Cuando se utiliza un aloinjerto, el rechazo es inevitable a largo plazo, pero su viabilidad puede prolongarse con medicamentos inmunosupresores. Estos fármacos debilitan la respuesta del sistema inmunitario para darle tiempo al cuerpo a recuperarse. Sin embargo, su uso conlleva riesgos, como una mayor susceptibilidad a las infecciones.

Si un injerto muestra signos de rechazo o fracaso, el tratamiento dependerá de la causa y la gravedad:

  • Tratamiento de la infección: Con antibióticos tópicos o sistémicos.
  • Drenaje de colecciones: Se pueden drenar los hematomas o seromas para permitir que el injerto se adhiera.
  • Revisión quirúrgica: En muchos casos, el injerto fallido debe ser retirado (desbridado) y, una vez que la herida esté en condiciones óptimas, se puede intentar un nuevo procedimiento de injerto.

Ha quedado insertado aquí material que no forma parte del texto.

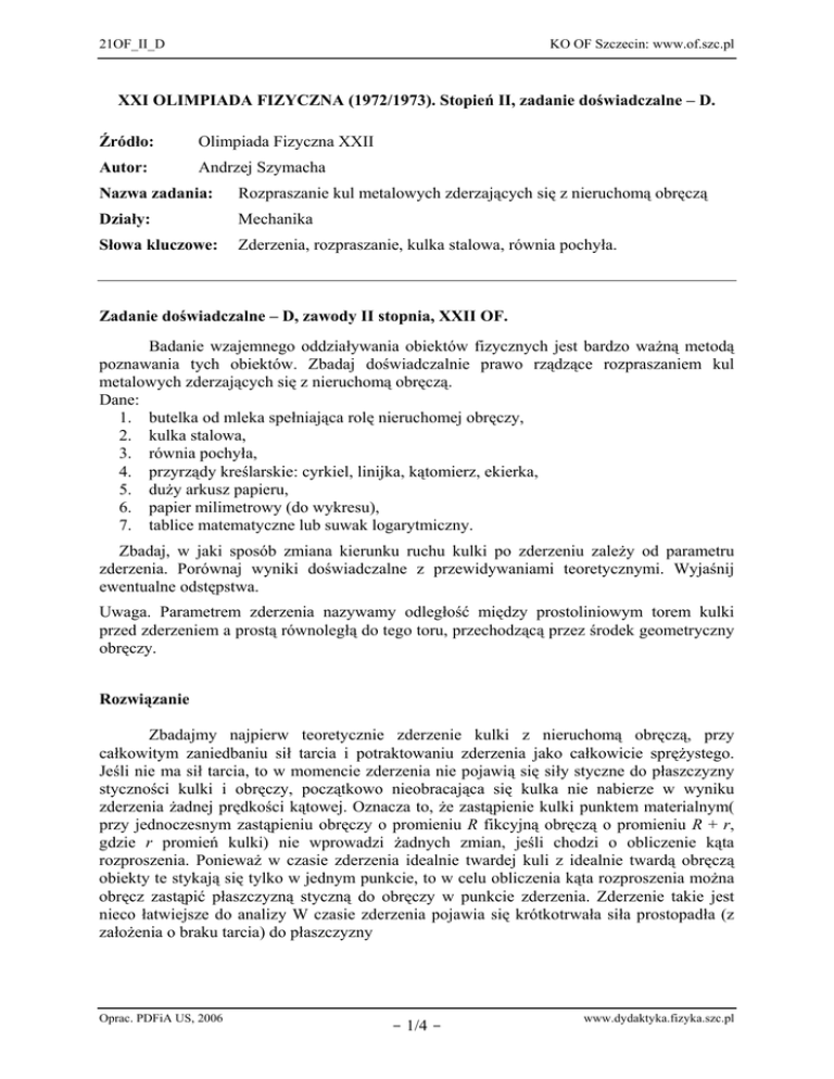 21OF_II_D KO OF Szczecin: www.of.szc.pl XXI OLIMPIADA FIZYCZNA (1972/1973). Stopień II, zadanie doświadczalne – D. Źródło: Olimpiada Fizyczna XXII Autor: Andrzej Szymacha Nazwa zadania: Rozpraszanie kul metalowych zderzających się z nieruchomą obręczą Działy: Mechanika Słowa kluczowe: Zderzenia, rozpraszanie, kulka stalowa, równia pochyła. Zadanie doświadczalne – D, zawody II stopnia, XXII OF. Badanie wzajemnego oddziaływania obiektów fizycznych jest bardzo ważną metodą poznawania tych obiektów. Zbadaj doświadczalnie prawo rządzące rozpraszaniem kul metalowych zderzających się z nieruchomą obręczą. Dane: 1. butelka od mleka spełniająca rolę nieruchomej obręczy, 2. kulka stalowa, 3. równia pochyła, 4. przyrządy kreślarskie: cyrkiel, linijka, kątomierz, ekierka, 5. duży arkusz papieru, 6. papier milimetrowy (do wykresu), 7. tablice matematyczne lub suwak logarytmiczny. Zbadaj, w jaki sposób zmiana kierunku ruchu kulki po zderzeniu zależy od parametru zderzenia. Porównaj wyniki doświadczalne z przewidywaniami teoretycznymi. Wyjaśnij ewentualne odstępstwa. Uwaga. Parametrem zderzenia nazywamy odległość między prostoliniowym torem kulki przed zderzeniem a prostą równoległą do tego toru, przechodzącą przez środek geometryczny obręczy. Rozwiązanie Zbadajmy najpierw teoretycznie zderzenie kulki z nieruchomą obręczą, przy całkowitym zaniedbaniu sił tarcia i potraktowaniu zderzenia jako całkowicie sprężystego. Jeśli nie ma sił tarcia, to w momencie zderzenia nie pojawią się siły styczne do płaszczyzny styczności kulki i obręczy, początkowo nieobracająca się kulka nie nabierze w wyniku zderzenia żadnej prędkości kątowej. Oznacza to, że zastąpienie kulki punktem materialnym( przy jednoczesnym zastąpieniu obręczy o promieniu R fikcyjną obręczą o promieniu R + r, gdzie r promień kulki) nie wprowadzi żadnych zmian, jeśli chodzi o obliczenie kąta rozproszenia. Ponieważ w czasie zderzenia idealnie twardej kuli z idealnie twardą obręczą obiekty te stykają się tylko w jednym punkcie, to w celu obliczenia kąta rozproszenia można obręcz zastąpić płaszczyzną styczną do obręczy w punkcie zderzenia. Zderzenie takie jest nieco łatwiejsze do analizy W czasie zderzenia pojawia się krótkotrwała siła prostopadła (z założenia o braku tarcia) do płaszczyzny Oprac. PDFiA US, 2006 - 1/4 - www.dydaktyka.fizyka.szc.pl 21OF_II_D KO OF Szczecin: www.of.szc.pl Rys. 1. zderzenia. Siła ta zmienia pęd kulki prostopadły do płaszczyzny zderzenia, ale nie zmienia pędu równoległego. Przed zderzeniem mamy: p II = p sin α , p ⊥ = p cos α . Ponieważ w wyniku zderzenia nie zmienia się energia kinetyczna (sprężystość zderzenia), nie może też zmieniać się bezwzględna wartość pędu związana jednoznacznie z energią kinetyczną wzorem Ek = p2 . 2m Po zderzeniu mamy, więc p C = p sin β = p sin α , z czego wnioskujemy, że α =β a) b) Rys. 2. Jest to podstawowa własność zderzenia sprężystego, identyczna z prawem odbicia dla promieni świetlnych. Skoro już ustaliliśmy równość tych kątów, to dalej bardzo łatwo obliczamy Oprac. PDFiA US, 2006 - 2/4 - www.dydaktyka.fizyka.szc.pl 21OF_II_D KO OF Szczecin: www.of.szc.pl θ = 180 0 − α − β = 180 0 − 2α , sin α = b . R+r Eliminując z tych wzorów kąt l, dostaniemy poszukiwany związek kąta rozproszenia z parametrem zderzenia. Najwygodniej zapisać go w postaci: 1 + cos θ = 2 cos 2 θ 2 = 2 sin 2 α = 2 b2 ( R + r )2 . (1) Porównanie związku teoretycznego z doświadczeniem staje się najbardziej przejrzyste, jeżeli w wyniku właściwego wyboru mierzonych wielkości, zależność między nimi staje się zależnością liniową. Zawsze, o ile to możliwe, staramy się to osiągnąć. Dlatego w tym wypadku zapisaliśmy związek między θ i b w postaci wzoru (1), w którym funkcja jednej tylko wielkości (1 + cos θ ) jest proporcjonalna do funkcji drugiej wielkości (b2). Odkładając na osiach te właśnie wielkości powinniśmy uzyskać układanie się wyznaczonych doświadczalnie punktów na linii prostej. Powtarzając kilkakrotnie dla danej wartości parametru zderzenia pomiar wielkości kąta rozproszenia możemy zmierzyć wartość tego kąta z większą dokładnością, niż gdybyśmy pomiaru dokonali tylko jeden raz. Możemy też z rozrzutu mierzonego kąta oszacować błąd pojedynczego pomiaru. A oto wykres uzyskany w wyniku jednego z takich doświadczeń. Rys. 3. Zgodnie z tym, co powiedzieliśmy, na osiach odłożone zostały b2 i (1 + cos θ ). Linia ciągła odpowiada przewidywaniom teoretycznym zawartym we wzorze (1). Środki pionowych odcinków oznaczają zmierzone wartości średnie wielkości (1 + cos θ ), długości odcinków opisują przedziały błędów dla pomiaru przy ustalonej wartości parametru zderzenia. Ściśle rzecz biorąc cały wykres powinien zmieścić się w jednej tylko ćwiartce. Dla większej poglądowości umieszczono na tym wykresie (po lewej stronie) wyniki pomiarów dla rozpraszań na przeciwnej stronie obręczy. Wprawdzie można powiedzieć, że przy osiągniętej dokładności żaden z poszczególnych punktów pomiarowych nie jest w sprzeczności z teorią, to jednak jest mało prawdopodobne, by środki wszystkich odcinków leżały przypadkowo akurat ponad prostą. Oprac. PDFiA US, 2006 - 3/4 - www.dydaktyka.fizyka.szc.pl 21OF_II_D KO OF Szczecin: www.of.szc.pl Jeśli założyć pewien stopień niesprężystości i jednocześnie brak tarcia, to można stwierdzić, że styczna składowa pędu nie ulegnie zmianie po odbiciu, ale długość całego wektora ulegnie zmniejszeniu (rys. 2b.). Jasne jest, że po takim zderzeniu β > α , a zatem kąt θ jest mniejszy i jego cosinus większy od wartości, jaką by miał, gdyby β = α. Zgadza się to z obserwowanym systematycznym podniesieniem punktów doświadczalnych ponad wykres teoretyczny. Jeszcze większe komplikacje w opisie zjawisk

Preguntas Frecuentes (FAQ)

¿Todo injerto de un donante es rechazado?

Sí, a menos que el donante sea un gemelo idéntico. Un aloinjerto de un donante no emparentado será siempre rechazado por el sistema inmunitario tarde o temprano. Su uso es una medida temporal para estabilizar al paciente y proteger la herida mientras se prepara una solución definitiva, como un autoinjerto.

¿Cuánto tiempo tarda en saberse si un injerto ha sido exitoso?

Los primeros signos de que un injerto está “prendiendo” se pueden observar a los 3-5 días, cuando empieza a adquirir un tono rosado. La integración se considera estable después de 7 a 10 días, aunque el proceso completo de maduración y cicatrización puede llevar meses.

¿El rechazo de un injerto de piel es doloroso?

Sí, el proceso inflamatorio asociado al rechazo suele ser doloroso. Un aumento del dolor en la zona del injerto después de los primeros días de la cirugía es una señal de alerta que debe ser comunicada al cirujano.

¿Se puede prevenir el rechazo de un aloinjerto?

No se puede prevenir de forma permanente, pero se puede retrasar significativamente mediante el uso de fármacos inmunosupresores. Sin embargo, debido a los efectos secundarios de estos medicamentos, su uso en injertos de piel no suele ser a largo plazo, a diferencia de los trasplantes de órganos vitales.